Réalisateur : Trần Anh Hùng
Avec : Juliette Binoche, Benoît Magimel, Emmanuel Salinger, Galatea Bellugi,…
Distributeur : Gaumont Distribution
Budget : -
Genre : Drame, Historique, Romance.
Nationalité : Français
Durée : 2h14min

Synopsis :
Eugénie, cuisinière hors pair, est depuis 20 ans au service du célèbre gastronome Dodin. Au fil du temps, de la pratique de la gastronomie et de l'admiration réciproque est née une relation amoureuse. De cette union naissent des plats tous plus savoureux et délicats les uns que les autres qui vont jusqu’à émerveiller les plus grands de ce monde. Pourtant, Eugénie, avide de liberté, n’a jamais voulu se marier avec Dodin. Ce dernier décide alors de faire quelque chose qu’il n’a encore jamais fait : cuisiner pour elle.


Critique :


Reparti de Cannes 2023 avec le prix de la mise en scène, le nouveau long métrage de Trần Anh Hùng, La passion de Dodin Bouffant, a souvent été réduit à une histoire de pot-au-feu dans les critiques. Adapté du roman de Marcel Rouff La vie et la passion de Dodin Bouffant, publié en 1924, le film est, sans ambages, un hommage à la cuisine française, mélange de plaisir et de savoir-faire.
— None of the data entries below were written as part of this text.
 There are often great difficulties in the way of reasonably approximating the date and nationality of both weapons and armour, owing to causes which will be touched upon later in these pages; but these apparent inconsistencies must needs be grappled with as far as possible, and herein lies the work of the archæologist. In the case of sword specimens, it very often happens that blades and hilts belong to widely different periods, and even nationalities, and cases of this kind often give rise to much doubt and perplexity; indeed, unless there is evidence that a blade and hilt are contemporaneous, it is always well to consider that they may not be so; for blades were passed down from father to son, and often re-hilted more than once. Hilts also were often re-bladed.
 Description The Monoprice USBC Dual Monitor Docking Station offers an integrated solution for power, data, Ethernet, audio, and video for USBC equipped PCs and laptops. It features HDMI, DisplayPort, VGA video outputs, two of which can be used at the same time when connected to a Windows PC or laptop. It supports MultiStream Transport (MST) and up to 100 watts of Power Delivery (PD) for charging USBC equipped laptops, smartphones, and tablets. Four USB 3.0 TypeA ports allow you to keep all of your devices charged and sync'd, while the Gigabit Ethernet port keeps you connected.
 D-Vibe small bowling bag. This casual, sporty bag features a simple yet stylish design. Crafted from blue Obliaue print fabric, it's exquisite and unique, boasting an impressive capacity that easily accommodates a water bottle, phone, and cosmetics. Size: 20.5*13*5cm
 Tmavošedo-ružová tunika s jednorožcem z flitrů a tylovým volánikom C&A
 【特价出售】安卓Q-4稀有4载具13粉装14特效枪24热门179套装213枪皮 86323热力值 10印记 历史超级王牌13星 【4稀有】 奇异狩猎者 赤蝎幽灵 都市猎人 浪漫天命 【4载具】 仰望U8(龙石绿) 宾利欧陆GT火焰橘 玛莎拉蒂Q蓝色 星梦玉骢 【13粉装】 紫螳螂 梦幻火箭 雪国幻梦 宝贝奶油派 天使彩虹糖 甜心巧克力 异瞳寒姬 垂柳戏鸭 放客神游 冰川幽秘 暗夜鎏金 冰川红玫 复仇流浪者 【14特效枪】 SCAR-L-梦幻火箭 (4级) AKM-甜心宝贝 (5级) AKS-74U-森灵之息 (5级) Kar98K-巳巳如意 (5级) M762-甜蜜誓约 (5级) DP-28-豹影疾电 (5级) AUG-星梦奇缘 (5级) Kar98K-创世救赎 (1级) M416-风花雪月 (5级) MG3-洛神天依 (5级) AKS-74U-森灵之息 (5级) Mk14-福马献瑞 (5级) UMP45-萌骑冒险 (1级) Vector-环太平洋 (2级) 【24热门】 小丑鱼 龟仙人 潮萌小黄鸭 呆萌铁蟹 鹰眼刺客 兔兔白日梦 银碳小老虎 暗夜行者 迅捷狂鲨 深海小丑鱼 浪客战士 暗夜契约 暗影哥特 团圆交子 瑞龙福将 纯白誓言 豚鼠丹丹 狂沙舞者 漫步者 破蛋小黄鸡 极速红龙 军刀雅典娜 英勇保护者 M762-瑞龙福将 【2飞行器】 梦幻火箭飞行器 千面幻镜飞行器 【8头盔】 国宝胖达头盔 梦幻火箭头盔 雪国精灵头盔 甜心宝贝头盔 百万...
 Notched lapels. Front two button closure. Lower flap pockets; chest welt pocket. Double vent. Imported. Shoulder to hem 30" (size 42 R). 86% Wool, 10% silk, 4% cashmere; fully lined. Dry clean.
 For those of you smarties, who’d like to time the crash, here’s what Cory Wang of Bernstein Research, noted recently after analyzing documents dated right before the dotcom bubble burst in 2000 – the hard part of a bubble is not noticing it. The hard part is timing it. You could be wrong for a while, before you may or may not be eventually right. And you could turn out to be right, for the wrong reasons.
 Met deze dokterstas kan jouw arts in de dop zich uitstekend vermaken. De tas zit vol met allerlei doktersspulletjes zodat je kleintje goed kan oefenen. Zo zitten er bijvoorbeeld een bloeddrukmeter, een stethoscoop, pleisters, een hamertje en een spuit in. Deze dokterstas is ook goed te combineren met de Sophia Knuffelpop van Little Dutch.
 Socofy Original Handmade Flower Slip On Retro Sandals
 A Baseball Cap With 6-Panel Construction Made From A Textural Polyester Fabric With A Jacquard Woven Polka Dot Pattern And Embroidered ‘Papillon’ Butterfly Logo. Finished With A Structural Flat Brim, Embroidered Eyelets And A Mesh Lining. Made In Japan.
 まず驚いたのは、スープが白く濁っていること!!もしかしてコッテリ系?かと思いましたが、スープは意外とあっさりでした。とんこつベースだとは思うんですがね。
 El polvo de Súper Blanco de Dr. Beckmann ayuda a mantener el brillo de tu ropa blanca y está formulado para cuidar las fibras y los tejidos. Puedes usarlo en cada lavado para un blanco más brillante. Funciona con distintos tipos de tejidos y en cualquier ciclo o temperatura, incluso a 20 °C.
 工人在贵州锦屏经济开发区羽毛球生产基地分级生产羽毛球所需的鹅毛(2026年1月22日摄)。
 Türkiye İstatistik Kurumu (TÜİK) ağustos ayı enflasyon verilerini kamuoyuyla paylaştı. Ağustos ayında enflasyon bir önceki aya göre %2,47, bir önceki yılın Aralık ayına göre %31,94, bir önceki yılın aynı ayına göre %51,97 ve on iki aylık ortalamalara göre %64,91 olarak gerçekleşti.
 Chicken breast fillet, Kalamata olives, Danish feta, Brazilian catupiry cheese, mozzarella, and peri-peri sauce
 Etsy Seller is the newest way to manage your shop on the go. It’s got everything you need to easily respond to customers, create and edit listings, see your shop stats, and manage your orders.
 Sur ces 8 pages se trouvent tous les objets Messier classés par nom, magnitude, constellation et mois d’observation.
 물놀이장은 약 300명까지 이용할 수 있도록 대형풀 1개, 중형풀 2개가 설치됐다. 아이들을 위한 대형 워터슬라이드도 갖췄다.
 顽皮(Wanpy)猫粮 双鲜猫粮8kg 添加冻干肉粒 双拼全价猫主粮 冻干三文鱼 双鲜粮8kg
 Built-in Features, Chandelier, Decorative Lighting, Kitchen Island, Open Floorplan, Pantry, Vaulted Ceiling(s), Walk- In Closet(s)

Copyright Stéphanie Branchu - 2023 CURIOSA FILMS – GAUMONT – FRANCE 2 CINÉMA


Avec un nom pareil, Dodin Bouffant, le personnage ne pouvait être qu’un gourmet dont la vie tourne autour de la nourriture, surtout quand il s’agit de la manger. Le nom exprime un imaginaire grossier, une caricature du noble français qui ne ferait rien d’autre de ses journées que de manger. Comment Trần Anh Hùng, dont la filmographie est parsemée de délicatesse, a-t-il eu l’idée de mettre en image ce bon vivant français ? La recette semble bancale, peu propice à contenter nos papilles visuelles. Et pourtant, la magie opère.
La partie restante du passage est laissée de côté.